- TASK OBJECTIVE
When you write out the listing below, keep each word exactly as it stands and drop the pictures.

- GIVEN INFORMATION
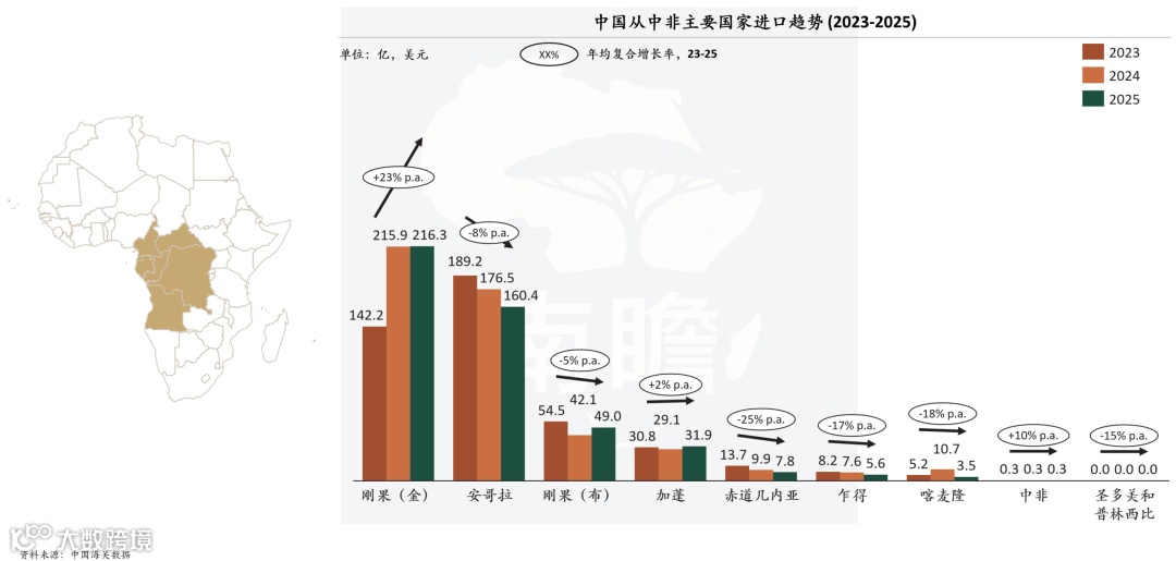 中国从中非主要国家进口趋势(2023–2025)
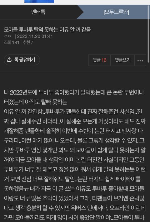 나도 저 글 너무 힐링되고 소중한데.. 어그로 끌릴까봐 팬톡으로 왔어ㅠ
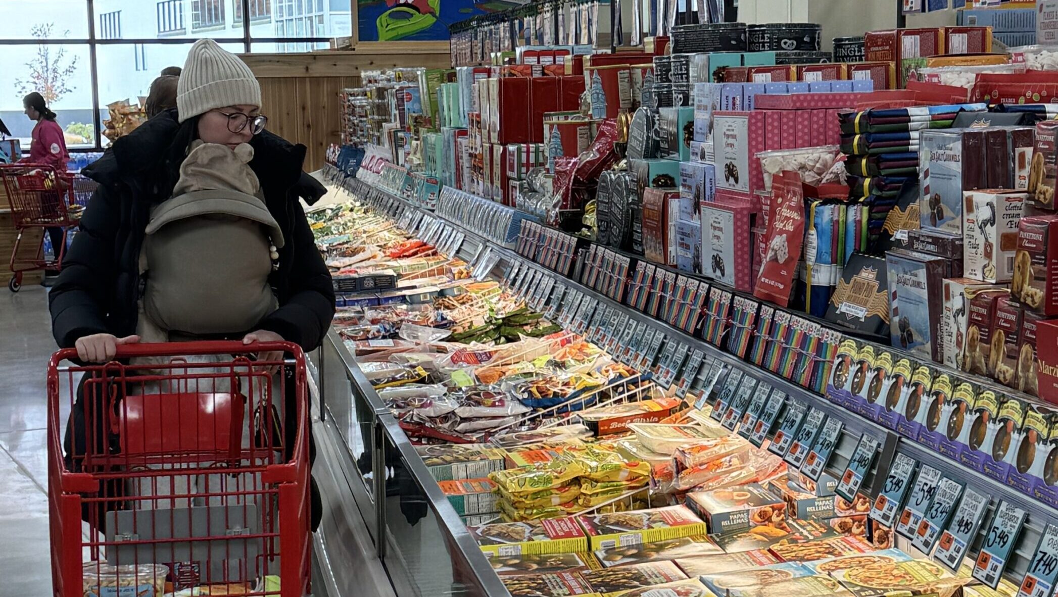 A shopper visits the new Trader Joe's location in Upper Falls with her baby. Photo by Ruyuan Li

- ANSWER TO THIS TASK
 中国从中非主要国家进口趋势(2023–2025)
 나도 저 글 너무 힐링되고 소중한데.. 어그로 끌릴까봐 팬톡으로 왔어ㅠ
 A shopper visits the new Trader Joe's location in Upper Falls with her baby. Photo by Ruyuan Li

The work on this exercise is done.